The report examines the state of the protection of digital rights and connected risks, such as data loss or leakage, as well as the tools for mitigating and avoiding these risks. The paper also explores the relations between conflicting values, both relevant in the digital sphere, i.e. privacy and security.
The report is based on the monitoring of cases of breach of online rights and freedom, which have witnessed a sharp rise in the past years. The monitoring was conducted between September 2014 and September 2015 in Serbia. Such cases include: arbitrary blocking or content filtering; cyber-attacks on independent online and civic media; arrests and judicial proceedings against social network users and bloggers; public opinion manipulation through the use of technology and automated systems; surveillance of electronic communication, violation of rights to privacy and protection of personal data; pressure, threats and diminishing safety of online and civic media, journalists and individuals.
After describing the top five cases detected during the monitored period (“Introduction”), the second part of the study examines the specific risks connected to the digital identity in the online sphere, which is ridden by a variety of security challenges and threats. The section thus outlines issues and possible solutions for improving the digital security for professional journalists as well as everyone dealing with sensitive information (bloggers, human rights activists, government officials, diplomats, etc.).
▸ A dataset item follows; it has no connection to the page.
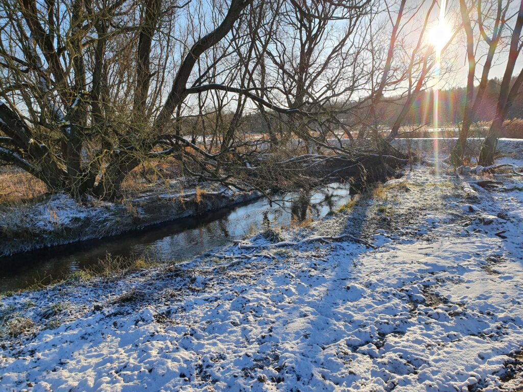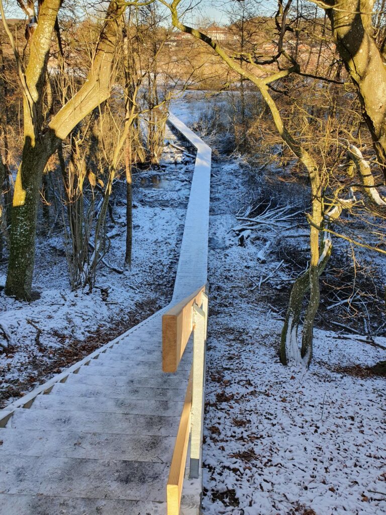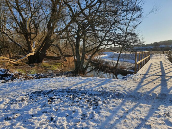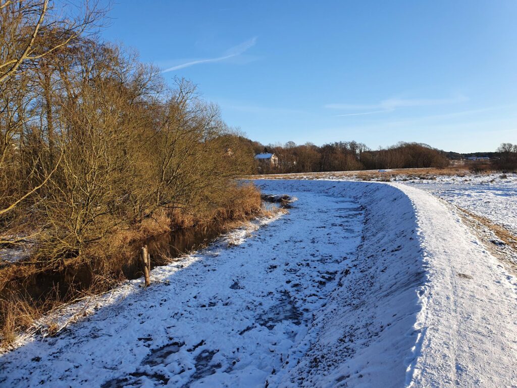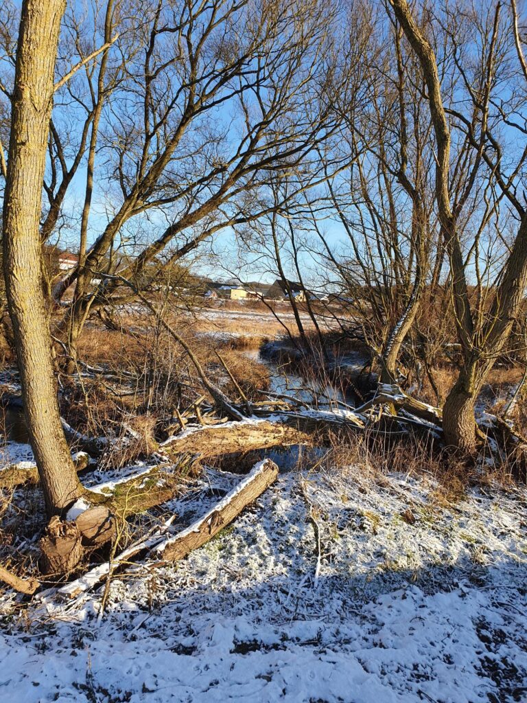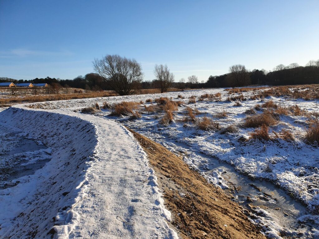 De skal dog ikke snydes for en del af oplevelsen af Hadsten nye attraktion, så her kommer der en biledserie med Kollerup Enge som det tog sig ud i solskin her en dag mellem jul og nytår.

In part three (“Aftermath”), the study addresses the issue of consequences that cyber attacks have on online media and journalists in Serbia and on the autonomy and safety of online and citizen media. The report finds out that the main consequence of these attacks is the raise of insecurity and fear, resulting in a “chilling effect” on freedom of expression online. This can be particularly relevant for small and independent online and citizen media that cannot afford expensive cyber security experts and technical solutions for protecting their systems.
The last chapter (“Conclusion”) addresses the role of the authorities in the cases monitored and argues that the government has failed to establish trust in its abilities to protect online media, citizen journalists and activists in Serbia. It also highlights the danger of discretionary behaviors by the authorities in processing cases of cyber attacks, leading to lack of legal certainty in this field and an unsatisfactory level of the rule of law.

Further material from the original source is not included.